After achieving Hong Kong’s third-largest IPO of 2019, logistics giant ESR this month announced plans to raise fresh capital through an initial public offering of a Korean real estate investment trust in December.
The new REIT is being sponsored by the Warburg Pincus-backed developer and fund manager’s Korean division, ESR Kendall Square, and expects to raise KRW 357.3 billion ($320 million) from the sale of equity based on a portfolio composed of logistics properties in the Greater Seoul and Greater Busan areas.
The REIT IPO plan, which Mingtiandi had first reported in December of last year, comes as trades of industrial properties across Asia Pacific, primarily logistics assets, rose 22 percent during the third quarter compared to the same period a year earlier. With the COVID-19 pandemic hitting confidence and hindering inspections, trades of office properties had fallen by 37 percent over that same interval, according to JLL.
ESR will kick off its investor roadshow for the REIT on 23 November, with institutional book-building set to start just two days later, according to an announcement to the HKEX. Pricing of units in the REIT is expected to happen on 3 December, with shares expected to begin trading by the end of next month.
11 Properties in the Portfolio
The REIT is expected to have a market capitalisation of KRW 716 billion, with the proceeds going towards the purchase of 10 properties in the Seoul and Busan portfolio. The listed trust also intends to use its newly raised cash to acquire the Anseong Logistics Park in Gyeonggi province south of the capital, according to the stock market announcement.
After the IPO, ESR, through its Korean subsidiaries, expects to hold a 9.9 percent stake in the listed trust, with its Kendall Square REIT Holdings affiliate set to manage the REIT.
ESR has been active in South Korea since 2015, and the country now accounts for over a quarter of its projects.
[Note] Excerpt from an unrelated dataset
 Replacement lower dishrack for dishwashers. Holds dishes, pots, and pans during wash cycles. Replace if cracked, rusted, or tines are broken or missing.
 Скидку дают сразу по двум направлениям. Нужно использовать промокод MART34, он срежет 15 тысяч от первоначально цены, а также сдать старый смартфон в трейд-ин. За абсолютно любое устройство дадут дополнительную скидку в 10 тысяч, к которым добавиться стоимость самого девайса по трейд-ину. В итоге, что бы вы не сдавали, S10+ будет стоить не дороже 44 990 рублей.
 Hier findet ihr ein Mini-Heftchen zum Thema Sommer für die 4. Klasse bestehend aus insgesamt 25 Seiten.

The developer and fund manager has set up local development joint ventures with the Canada Pension Plan Investment Board (CPPIB) and Dutch pension manager APG, among other investors.
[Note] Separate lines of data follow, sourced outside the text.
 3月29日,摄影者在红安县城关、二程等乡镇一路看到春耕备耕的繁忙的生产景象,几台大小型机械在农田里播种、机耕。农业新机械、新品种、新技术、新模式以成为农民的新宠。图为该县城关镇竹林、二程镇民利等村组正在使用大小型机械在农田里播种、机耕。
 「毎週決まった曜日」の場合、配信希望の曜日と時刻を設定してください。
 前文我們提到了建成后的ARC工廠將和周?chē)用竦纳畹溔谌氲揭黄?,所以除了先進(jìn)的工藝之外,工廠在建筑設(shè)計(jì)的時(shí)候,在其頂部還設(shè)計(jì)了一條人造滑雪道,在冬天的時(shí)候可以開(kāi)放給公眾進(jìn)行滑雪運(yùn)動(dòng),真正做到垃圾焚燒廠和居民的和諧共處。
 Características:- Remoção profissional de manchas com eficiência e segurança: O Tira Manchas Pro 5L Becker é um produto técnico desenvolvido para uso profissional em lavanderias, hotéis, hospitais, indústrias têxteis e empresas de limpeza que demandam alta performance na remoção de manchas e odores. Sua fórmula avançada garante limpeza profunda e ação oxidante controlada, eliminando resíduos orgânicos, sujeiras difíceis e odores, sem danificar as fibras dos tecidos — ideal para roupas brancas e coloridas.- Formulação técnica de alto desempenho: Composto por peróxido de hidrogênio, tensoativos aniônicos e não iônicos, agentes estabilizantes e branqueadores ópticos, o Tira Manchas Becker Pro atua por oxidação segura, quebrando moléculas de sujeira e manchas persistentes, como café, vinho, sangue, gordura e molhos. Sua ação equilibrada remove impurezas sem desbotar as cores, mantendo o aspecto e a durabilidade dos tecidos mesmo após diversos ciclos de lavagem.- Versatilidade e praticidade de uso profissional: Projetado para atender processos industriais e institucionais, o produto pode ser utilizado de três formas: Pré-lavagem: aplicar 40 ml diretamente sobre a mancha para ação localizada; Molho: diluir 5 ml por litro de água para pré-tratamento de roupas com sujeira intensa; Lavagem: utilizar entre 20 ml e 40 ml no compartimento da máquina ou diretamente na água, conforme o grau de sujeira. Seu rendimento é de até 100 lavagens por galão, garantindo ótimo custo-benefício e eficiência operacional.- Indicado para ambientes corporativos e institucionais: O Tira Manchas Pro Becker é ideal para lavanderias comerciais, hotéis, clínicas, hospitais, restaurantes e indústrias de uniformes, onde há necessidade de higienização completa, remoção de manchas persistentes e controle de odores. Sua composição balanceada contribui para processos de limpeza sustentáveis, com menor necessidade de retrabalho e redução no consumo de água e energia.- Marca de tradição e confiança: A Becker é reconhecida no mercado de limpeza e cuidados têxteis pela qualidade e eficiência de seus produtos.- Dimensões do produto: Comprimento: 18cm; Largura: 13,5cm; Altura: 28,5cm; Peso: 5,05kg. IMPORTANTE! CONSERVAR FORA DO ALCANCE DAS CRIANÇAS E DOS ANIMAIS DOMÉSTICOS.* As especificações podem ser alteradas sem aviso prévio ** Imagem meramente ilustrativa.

In June of this year, ESR closed on a fresh $1.1 billion joint venture with CPPIB and APG to develop new projects around Seoul and Busan. That new investment came after the two fund managers had set up a $500 million JV with ESR predecessor E-Shang in 2015, which was later upsized to $1.15 billion.
ESR has attributed its Korean expansion in part to the growth of online shopping in the country. The Korean online retail market, which relies on modern logistics facilities to speed deliveries, is ranked sixth in the world, with a value of roughly $60 billion in 2019, according to ecommerceDB.
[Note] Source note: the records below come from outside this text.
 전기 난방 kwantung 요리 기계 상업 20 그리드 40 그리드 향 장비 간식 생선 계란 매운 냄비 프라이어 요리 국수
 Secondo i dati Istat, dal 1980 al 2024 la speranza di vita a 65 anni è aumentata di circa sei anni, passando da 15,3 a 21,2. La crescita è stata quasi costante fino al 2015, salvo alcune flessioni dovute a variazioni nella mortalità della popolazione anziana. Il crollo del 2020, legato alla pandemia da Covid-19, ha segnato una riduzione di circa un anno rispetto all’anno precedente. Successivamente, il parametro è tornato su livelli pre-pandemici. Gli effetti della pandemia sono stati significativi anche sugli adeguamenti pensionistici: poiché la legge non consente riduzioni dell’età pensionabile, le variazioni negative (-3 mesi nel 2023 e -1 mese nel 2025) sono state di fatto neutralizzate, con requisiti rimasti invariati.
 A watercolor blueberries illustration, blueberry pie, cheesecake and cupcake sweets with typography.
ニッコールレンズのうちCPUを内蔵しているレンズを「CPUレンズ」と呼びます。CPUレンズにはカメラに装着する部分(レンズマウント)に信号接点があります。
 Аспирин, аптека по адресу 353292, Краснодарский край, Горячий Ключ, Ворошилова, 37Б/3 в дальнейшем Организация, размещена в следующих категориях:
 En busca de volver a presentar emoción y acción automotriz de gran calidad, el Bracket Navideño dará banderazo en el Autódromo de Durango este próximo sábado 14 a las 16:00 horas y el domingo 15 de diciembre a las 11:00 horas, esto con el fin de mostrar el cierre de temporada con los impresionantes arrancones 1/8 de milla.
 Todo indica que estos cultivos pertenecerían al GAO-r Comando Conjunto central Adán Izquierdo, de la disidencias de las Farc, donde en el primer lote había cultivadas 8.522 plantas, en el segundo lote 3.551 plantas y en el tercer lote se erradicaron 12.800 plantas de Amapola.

ESR had some 3.3 million square metres (35.5 million square feet) of logistics projects in South Korea as of 30 June of this year, with its assets under management in the country reaching $7.2 billion. Those figures represent 18 percent of the company’s total projects by area and 27 percent of its assets, according to ESR’s interim report.
ESR Joins MSCI Hong Kong Index
Within a week of announcing its plans for a listing on South Korea’s KRX exchange, ESR was also unveiling a new milestone on the Hong Kong bourse.
On 11 November the company announced it would be joining the capitalisation-weighted MSCI Hong Kong Index as a constituent, effective after market closure on 30 November.
The index includes some of Hong Kong’s biggest developers, among them Sun Hung Kai Properties, CK Asset Holdings and Link REIT. When listed, ESR will be the index’s only pure-play warehouse developer.
“The inclusion is … a testament to ESR’s consistent engagement with a wide base of international investors and recognition of our robust underlying business fundamentals with an asset-light approach,” ESR co-founders and co-CEOs Jeffrey Shen and Stuart Gibson said in a release.
The MSCI listing comes just a year after ESR raised $1.6 billion from its Hong Kong IPO, ranking it behind only Alibaba’s Hong Kong debut and the listing of Budweiser’s APAC operation on the HKEX.
As of 30 June, ESR counted $26.5 billion in assets under management, a 31 percent increase year-on-year, stemming from strong fundraising in its Australian, Chinese and Korean platforms, the company said in its MSCI statement.